In my book, you will always regret not trying one last time. Your DH has agreed. If it doesn’t work, it won’t be your “fault”. Or I guess I’m saying, don’t let it be. Make it a point that since he agreed, then you both have to live with the consequences, whatever they are.

But I also see it as he’s been trying to give you your own bio child for 9 years out of pocket. As bad as these fights are, his actions up until now show me he really cares about you and is trying. I also understand his frustration and his desire to not struggle anymore. I can also understand why he’s upset when you bring up the donor eggs convo again last night. In his mind, the decision is done and he agreed with what you wanted so he’s not understanding why you still need to discuss it. He’s exasperated because he feels he can’t make you happy. He’s agreed with you and you’re not happy. And you can’t make him want it. Does that make sense? But all you really want is to feel validated and reassured that everything will be OK. I understand. Just give your DH some time and tell him you appreciate what he’s doing and you’re sorry it’s been such a struggle. I think that will help to mend your rift.
Having said all of this, I haven’t heard anything in what you said that lead to you wavering your decision except that it might not work and you’ll be blamed. I don’t think that’s enough of a compelling reason to give up on your own bio baby.

It really sounds like you want your own baby and your DH has agreed! Just do it!! Let go of expectations and give it this one last shot! It doesn’t even sound like he’s against trying with donor eggs later so it’s not like it’ll be your final time!!

Own this! Make this decision based on how you will feel if you don’t do it. Don’t worry about how your DH feels. He’s a grown up. And he’s agreed knowing the risks.

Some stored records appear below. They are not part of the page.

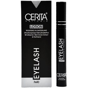 CERITA _ LOTION EYE LASH _ افزایش استحکام و ضخامت مژه _ افزایش رویش و رشد مژه _ دارای خاصیت آنتی اکسیدانی برای مهار رادیکال های آزاد _ افزایش آب رسانی با کاهش میزان تبخیر آب _ تنظیم رنگدانه سازی _ تقویت بستر مژه با کمک به افزایش میزان تولید پروتئین در ریشه _ حاوی بیماتوپراست، شبدر قرمز، نیاسین آمید، آلوئه ورا، ویتامین های B5 و B7
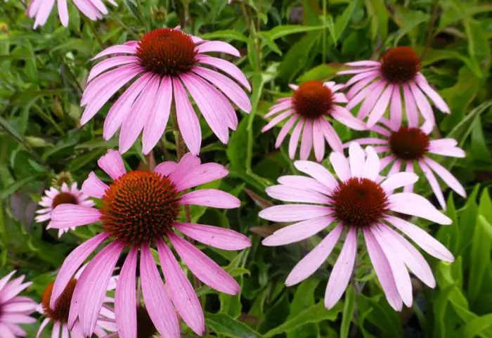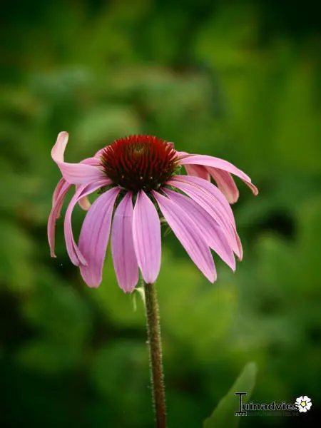 Echinacea purpurea 'Baby Swan Pink' is een compacte cultivar met roze bloemen met in het centrum een oranjebruine kegel.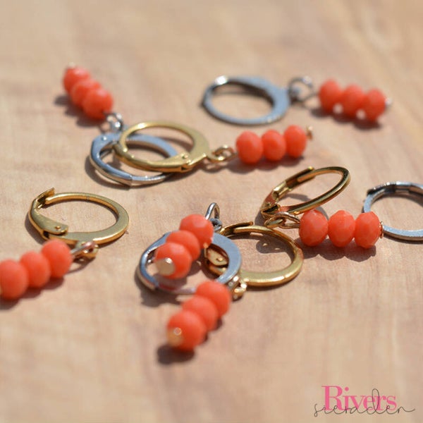 Handgemaakte oorbelletjes met drie oranje glaskraaltjes, te bestellen met een zilveren of gouden hoop.Zilverkleurig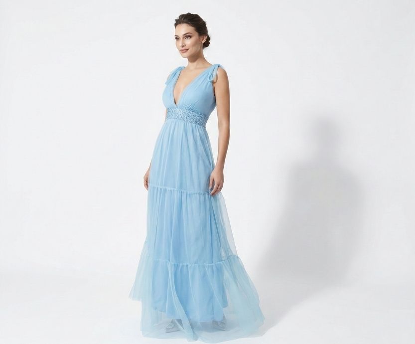 Vestido Azul Serenity com Decote e Saia em Tule Forrada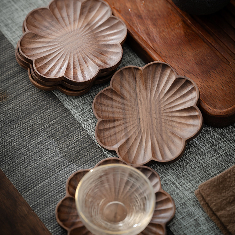 胡桃木茶道杯垫创意茶托实木功夫茶隔热垫子禅意壶承底座茶具配件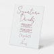 Burgundy Red Minimalist Script Signature Drinks Pedestal Sign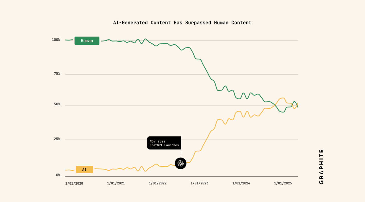 Now, that theory has become a reality - there is more AI-generated content on the internet than human-created content.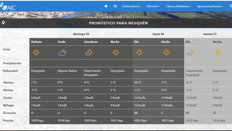 El pronóstico para este domingo anticipa que será una jornada helada. El frío se hará sentir por el ingreso del aire polar que se extiende a toda la región. Se prevé una temperatura mínima de -7 grados y una máxima de 8 grados. El cielo estará despejado durante todo el día. El viento estará prácticamente ausente.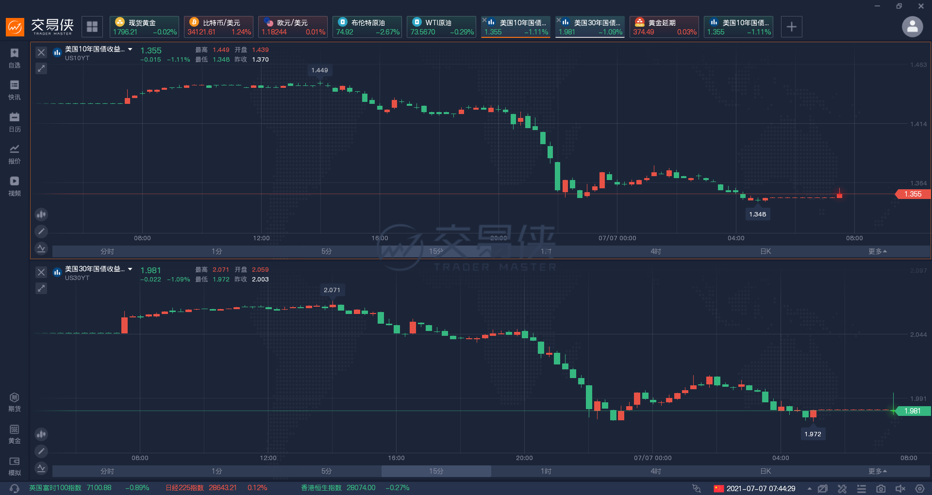 分析认为,由于最新发布的美国6月ISM服务业数据从历史新高回落,远逊于预期,投资者开始押注美国经济复苏趋势逐渐放缓,因而导致长端美债收益率集体大幅下行。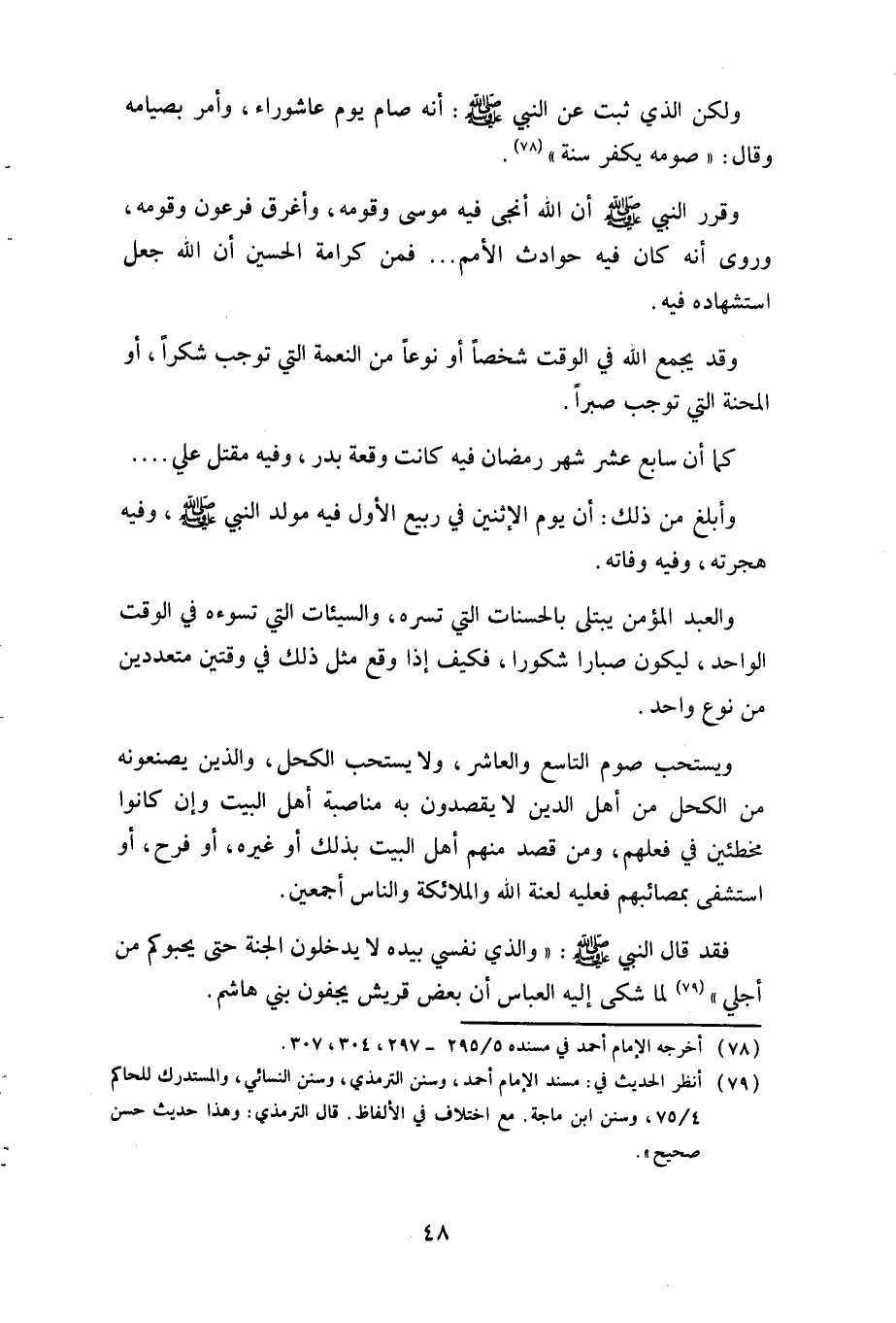 ويستحب صوم التاسع والعاشر, ولا يستحب الكحل, والذين يصنعونه من الكحل من أهل الدين لا يقصدون به مناصبة أهل البيت وإن كانوا مخطئين في فعلهم, ومن قصد منهم أهل البيت بذلك أو غيره, أو فرح, أو استشفى بمصائبهم فعليه لعنة الله والملائكة والناس أجمعين.

For me, I would keep trying. Also, 15 mins post transfer, LAUGH! Make sure you stay calm. Your cortisol stress levels affect fertility so much. So the #1 thing you can do is make your Body receptive and warm and calm. And once you make your decision, let it all go!!! It will be what it will be!!

Go For IT!!! Tell us what you decide!!! ❤️🤞🧚‍♀️🎊
08.05.2018 Нравится Ответить
lizgirlie
lizgirlie
I really feel for you kk as you've had such a long, tough journey. I faced the donor egg question when I got zero back from PGS testing. My DH has two from a previous marriage and the whole point of TTC was to get my genes in the mix so I persisted with my eggs until DD was born. Statistically, I believe your PGS embryos have the same chance as PGS donor embies, and a better chance than non-PGS donor eggs/embies. If you're still getting normal embies back then hang in there and one will stick xx
07.05.2018 Нравится Ответить
kking5113
kking5113
I wouldn’t say it’s our last attempt, but it’s definitely our last chance to use my eggs. But because we are self pay and we don’t just have disposable lumps of cash laying around, I don’t know how soon after this upcoming round we’ll be able to try again. Plus we’ve been at this for 9 years, we are done with the stress and drama... I just don’t know if I’ll regret for the rest of my life not trying with my eggs - maybe regret isn’t even the right word, because I know however a child comes into my life I won’t regret the path it took to get there, but I think I might possibly grieve not having my own for the rest of my life...
07.05.2018 Нравится Ответить
blissfulthinking
blissfulthinking
This is such a big and difficult decision. It’s not fair for him to agree to a round with your eggs, but if it fails, it’s like he told you so. You don’t need any added stress on an already stressful situation. That being said...if this is indeed your absolute last attempt, I would probably try what has the best probability to have a child. That’s just me though. Our situation is similar but switched. I am ready to move on to donor egg, but dh wants to try with my eggs again. It’s all so hard to navigate through! Best of luck in whatever you decide.